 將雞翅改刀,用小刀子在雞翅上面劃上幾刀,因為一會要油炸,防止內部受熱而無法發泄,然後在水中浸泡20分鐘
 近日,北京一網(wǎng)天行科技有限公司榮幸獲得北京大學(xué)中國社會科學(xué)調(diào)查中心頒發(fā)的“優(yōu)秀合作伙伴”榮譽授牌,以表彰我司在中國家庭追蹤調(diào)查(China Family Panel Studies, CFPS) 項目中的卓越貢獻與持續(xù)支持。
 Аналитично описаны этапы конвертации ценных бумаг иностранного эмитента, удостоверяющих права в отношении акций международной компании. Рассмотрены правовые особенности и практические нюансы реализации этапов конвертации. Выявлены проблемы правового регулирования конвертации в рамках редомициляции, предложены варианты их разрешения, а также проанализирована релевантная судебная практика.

==========

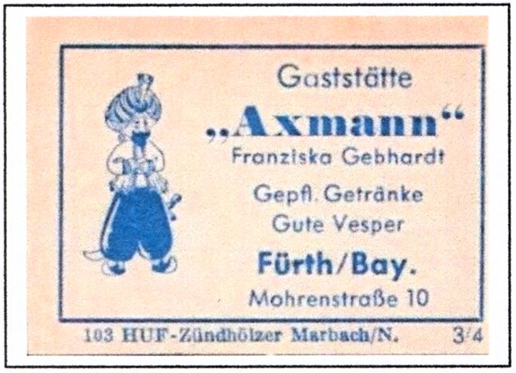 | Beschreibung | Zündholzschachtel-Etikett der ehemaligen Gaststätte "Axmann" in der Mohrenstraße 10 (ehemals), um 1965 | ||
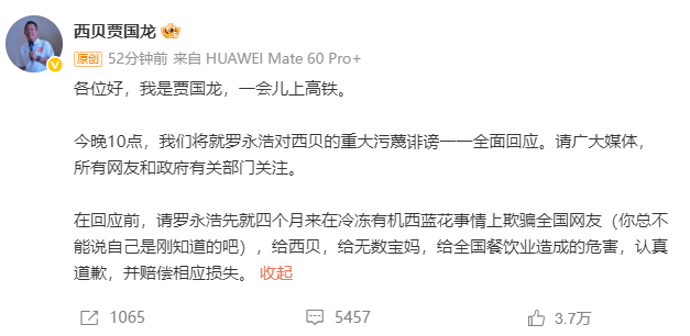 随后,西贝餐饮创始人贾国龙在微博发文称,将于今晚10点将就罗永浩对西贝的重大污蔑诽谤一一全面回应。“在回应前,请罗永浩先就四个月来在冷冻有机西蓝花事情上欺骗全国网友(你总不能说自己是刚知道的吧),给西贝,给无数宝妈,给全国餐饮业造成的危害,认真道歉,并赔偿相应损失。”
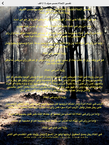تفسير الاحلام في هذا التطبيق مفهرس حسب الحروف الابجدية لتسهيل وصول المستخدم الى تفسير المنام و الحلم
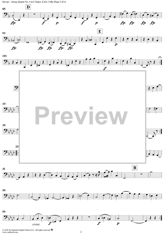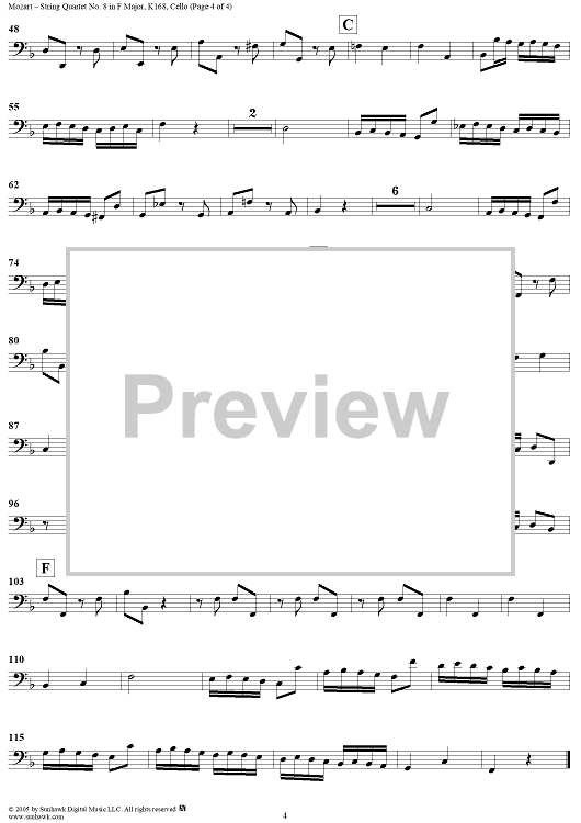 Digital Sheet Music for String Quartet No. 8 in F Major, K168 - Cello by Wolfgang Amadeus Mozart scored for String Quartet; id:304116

==========

__Aim of the exercise__
Set down word for word the lines above from the one with "随后,西贝餐饮创始人贾国龙在" up to and including the one with "Digital Sheet Music". Omit every picture.

__Reply to the task__
 随后,西贝餐饮创始人贾国龙在微博发文称,将于今晚10点将就罗永浩对西贝的重大污蔑诽谤一一全面回应。“在回应前,请罗永浩先就四个月来在冷冻有机西蓝花事情上欺骗全国网友(你总不能说自己是刚知道的吧),给西贝,给无数宝妈,给全国餐饮业造成的危害,认真道歉,并赔偿相应损失。”
تفسير الاحلام في هذا التطبيق مفهرس حسب الحروف الابجدية لتسهيل وصول المستخدم الى تفسير المنام و الحلم
 Digital Sheet Music for String Quartet No. 8 in F Major, K168 - Cello by Wolfgang Amadeus Mozart scored for String Quartet; id:304116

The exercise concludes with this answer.